It might be thought that Michael Portillo's television series has raised the status of Bradshaw in the steamindex valhalla, but noit was a chance find of Jack Simmons The express train in a Cromer seondhand bookshop. It is an excellent book, although it had obviously not been read by its previous owner. Before proceeding further it must be noted that Michael Portillo and his entertaining series on railway journeys are not based on the primary Bradshaw product, namely the timetable, but on a series of travel guides developed by Bradshaw as a sort of by-product: many of these are now being reprinted
Marshall states that born in Salford on 29 July 1801 and died in Christiania (now Oslo) from cholera on 9 September 1853. Rly. Mag article (2, 243) gave brief details of his business.
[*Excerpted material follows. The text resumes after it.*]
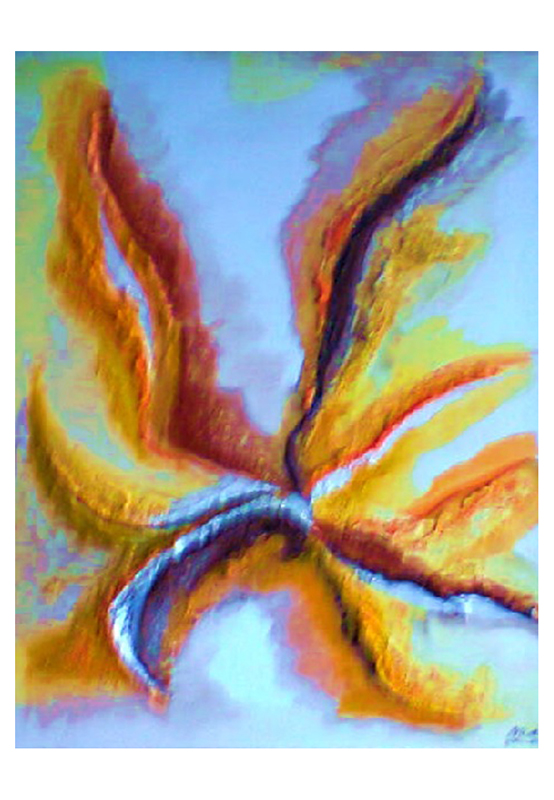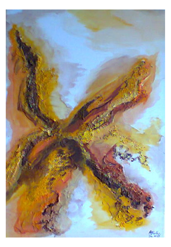 013 Gelbstern2 7. November 20149. Dezember 2015 | Angela Größe: 50 x 70 cm Acrylmalerei und Materialcollagen auf Leinwand Variation eines Gelbsterns mit verstärkter Astbetonung und Strukturpaste

He was a member of the Society of Friends and an engraver. In 1820 he opened a business in Belfast, but returned to Manchester in 1822 and engraved maps. He married on 15 May 1839 and had two sons. His first Monthly Railway and Steam Navigation Guide was issued on 1 December 1841. Article mentions Robert Diggles Kay who worked with Bradshaw, but was treated as merely an employee.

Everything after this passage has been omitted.